---- Exercise data

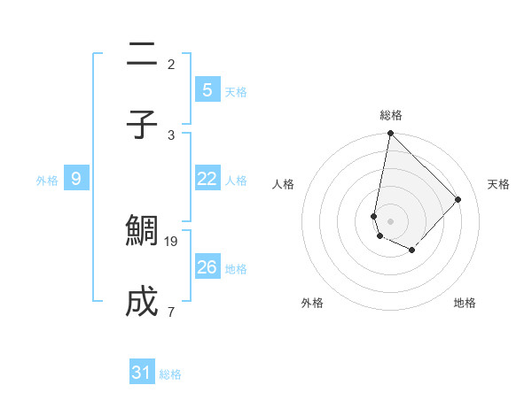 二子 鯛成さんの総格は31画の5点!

--------
---- Exercise data

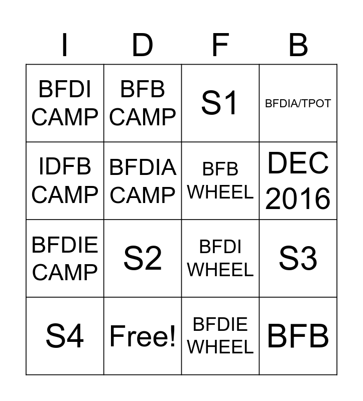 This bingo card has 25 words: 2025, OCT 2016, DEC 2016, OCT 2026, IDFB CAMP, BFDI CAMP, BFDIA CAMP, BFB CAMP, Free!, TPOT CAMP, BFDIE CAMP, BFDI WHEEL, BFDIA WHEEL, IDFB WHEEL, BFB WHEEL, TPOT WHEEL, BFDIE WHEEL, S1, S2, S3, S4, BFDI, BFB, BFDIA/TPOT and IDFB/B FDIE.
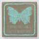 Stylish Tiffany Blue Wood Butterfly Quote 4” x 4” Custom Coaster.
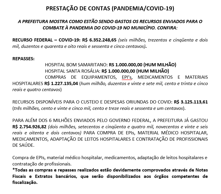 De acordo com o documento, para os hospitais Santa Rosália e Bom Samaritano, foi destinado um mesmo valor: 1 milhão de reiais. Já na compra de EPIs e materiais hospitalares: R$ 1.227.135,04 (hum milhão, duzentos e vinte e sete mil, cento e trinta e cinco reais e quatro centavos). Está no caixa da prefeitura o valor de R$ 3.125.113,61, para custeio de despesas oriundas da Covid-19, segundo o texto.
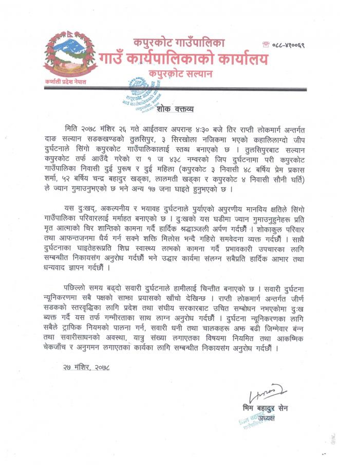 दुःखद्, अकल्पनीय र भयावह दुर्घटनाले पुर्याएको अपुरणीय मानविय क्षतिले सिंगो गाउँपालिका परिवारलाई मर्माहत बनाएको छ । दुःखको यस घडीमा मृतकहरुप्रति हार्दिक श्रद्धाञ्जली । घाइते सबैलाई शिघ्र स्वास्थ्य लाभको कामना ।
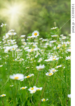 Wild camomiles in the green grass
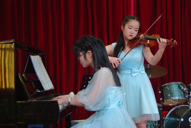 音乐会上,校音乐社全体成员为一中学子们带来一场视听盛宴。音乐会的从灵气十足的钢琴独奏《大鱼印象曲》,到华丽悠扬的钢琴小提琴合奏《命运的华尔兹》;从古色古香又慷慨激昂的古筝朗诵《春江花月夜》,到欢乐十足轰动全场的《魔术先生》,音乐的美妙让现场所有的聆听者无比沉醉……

--------
---- Exercise data

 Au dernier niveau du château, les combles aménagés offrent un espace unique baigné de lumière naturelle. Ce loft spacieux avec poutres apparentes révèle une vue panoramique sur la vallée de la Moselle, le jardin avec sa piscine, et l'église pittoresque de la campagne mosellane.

--------

◆ **About this task**
An exact copy is needed of the entries above, starting at the line that holds "Wild camomiles in the green grass" and stopping at the line that holds "音乐会上,校音乐社全体成员为", both kept; pictures stay out.

◆ **Response area**
 Wild camomiles in the green grass
 音乐会上,校音乐社全体成员为一中学子们带来一场视听盛宴。音乐会的从灵气十足的钢琴独奏《大鱼印象曲》,到华丽悠扬的钢琴小提琴合奏《命运的华尔兹》;从古色古香又慷慨激昂的古筝朗诵《春江花月夜》,到欢乐十足轰动全场的《魔术先生》,音乐的美妙让现场所有的聆听者无比沉醉……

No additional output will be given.